Elle attrape ma main et me tire dans ma chambre. Le miroir plaqué sur la porte, pas encore fixé, me renvoie l’image absurde d’une petite en manteau rouge pressant une jeune femme aux boucles blondes.

“Tiens ! Entre là-dedans ! Tu seras bien cachée.

– Mais, enfin…”

Elle me pointe le miroir. Je ne comprends pas.

“Allez ! Mets ta main !”

Je passe ma main et sursaute violemment. Elle a traversé le miroir, comme si c’était de l’eau, et la surface devient trouble. De l’autre côté…

Une minute. Je traverse un miroir.

On ne traverse pas les miroirs.

Le seul endroit où on peut traverser les miroirs, c’est…

…ah tiens, oui. Il y a des jours, comme ça, où on se lève de bonne humeur. Aujourd’hui a failli être un jour comme ça. Et puis ensuite mon réveil a sonné.
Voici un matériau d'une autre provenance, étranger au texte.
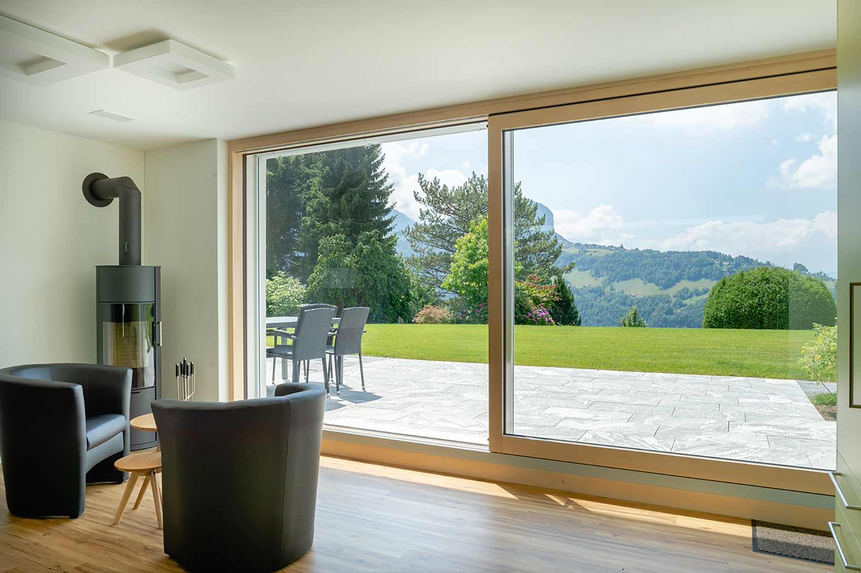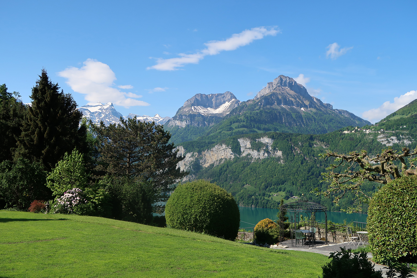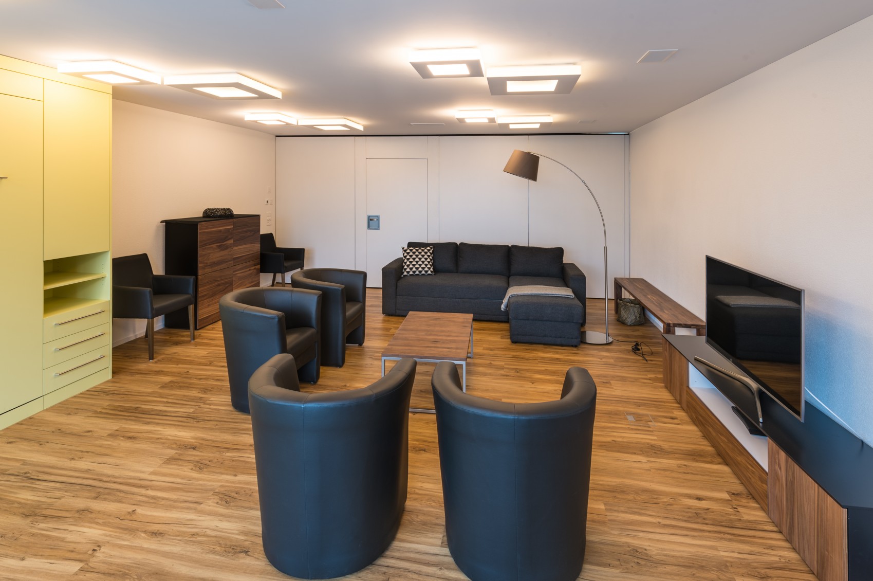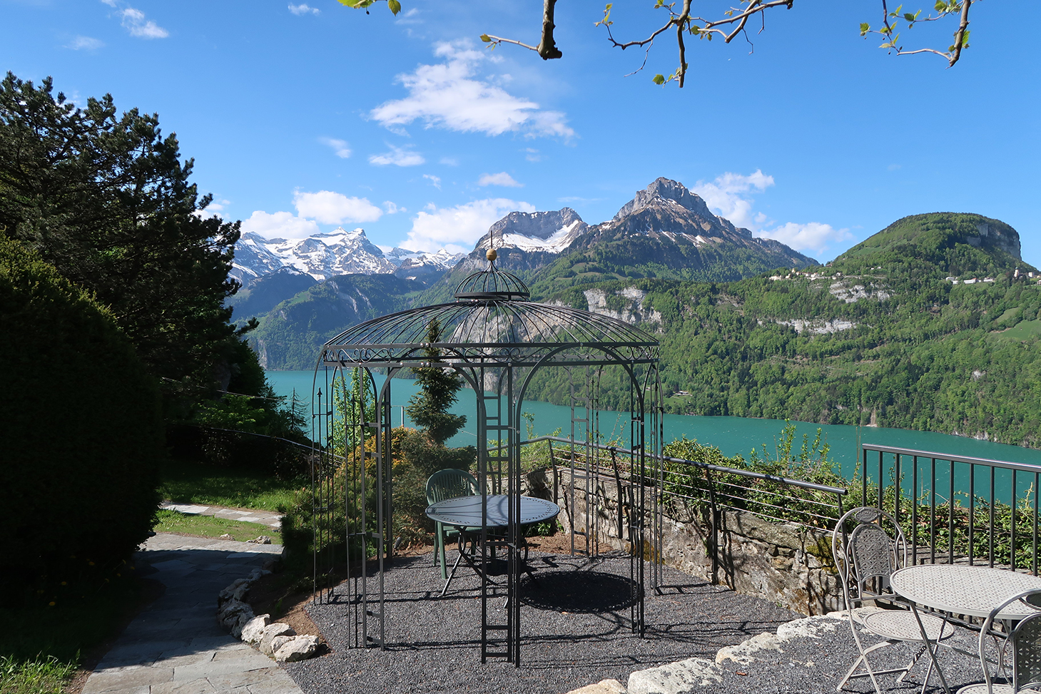Diese grosszügige und komfortable 3-Zimmer-Wohnung liegt ebenerdig zum grossen Garten hin. Allein das Wohnzimmer erstreckt sich über 50 m2 und kann mittels einer Schiebetüre zum Koch- und Essbereich hin noch um 20 m2 vergrössert werden. Die zuschaltbaren Schlafzimmer verfügen über einen eigenen WC/DU-Raum und eine Küchenzeile. Über den grossen Aussensitzplatz erreicht man den Garten und die beiden Aussichtskanzeln mit einmaligem Blick auf den See und die Berge. Ein eleganter Holzofen sorgt für eine behagliche Atmosphäre. Diese Wohnung kann individuell als Ein-, Zwei- oder Dreizimmerwohnung gemietet werden.

Le ciel est gris, la motivation m’a quittée dès le moment où j’ai ouvert les yeux. Le livre que je lisais hier soir est tombé à côté de moi, encore ouvert sur le sol. J’ai abandonné l’idée de brosser ma tignasse hirsute, mes boucles blondes s’étalant en rayons de soleil ivres autour de ma tête. Les yeux rouges de sommeil, je prends un café, me brûle.

Je crois que je vais aller m’acheter des fleurs avant d’aller travailler à la bibliothèque. Mais quelle idée j’ai eue de vouloir faire un mémoire sur les contes.